Brad Hossack, international vice president, international regulatory affairs, Boston Scientific Corporation. Hossack has been in regulatory for more than 20 years, spending the past 11 years at Boston Scientific. His focus has been on international markets, with responsibility for all international regulatory activities outside the US. Hossack’s regulatory career has covered the areas of hazardous goods, medical devices, diagnostics, pharmaceutical and biologics products, always focusing on international markets. Hossack holds a BSc (Hons) from the University of Guelph, Canada.
Patrick Johnson, senior director, regulatory affairs, Medtronic Neuromodulation, has more than 20 years experience in the pharmaceutical and medical device industries, across a variety of pharmaceutical dosage forms and medical devices including combination products. Johnson has more than 15 years of regulatory experience with responsibilities spanning local, state, federal and international regulatory agency requirements. He is currently responsible for deep brain stimulation and emerging therapies within Medtronic Neuromodulation.

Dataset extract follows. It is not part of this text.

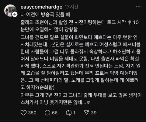 조현아는 컨셉이고 뭐고 조목밤 하면서 아이돌 친구들도 많이 보고 하니까 그런 컨셉이 하고싶었던 것 같음 남아선호사상 얘기도 많이 나오던데 걍 애초에 그런 생각이 박혀있으니까 이런 노래로 나와도 반응이 이상할줄 몰랐던거임 밑에 사진 내용도 보면 외모강박도 심하고 자존감도 낮은거같음 그런 상태에서 대중들 반응 싸늘하고 외모로 조롱까지 당하니까 멘탈 터져서 활동중지 한거같음

Mark Kramer, RAC, president, Regulatory Strategies Inc., has more than 20 years experience in the medical device industry, including 17 years with the US FDA, where he held a variety of review and management positions in the Center for Devices and Radiological Health’s Office of Device Evaluation. He served as the director of the Office of Combination Products from its establishment in 2002 until 2007. Most recently, Kramer served as an executive in regulatory affairs at GE Healthcare before starting his own consulting company. He holds an MS in biomedical engineering from Rensselaer Polytechnic Institute. Kramer serves on the Board of Directors of the Regulatory Affairs Professional Society (RAPS), and is the founder and chair of the Wisconsin RAPS Chapter.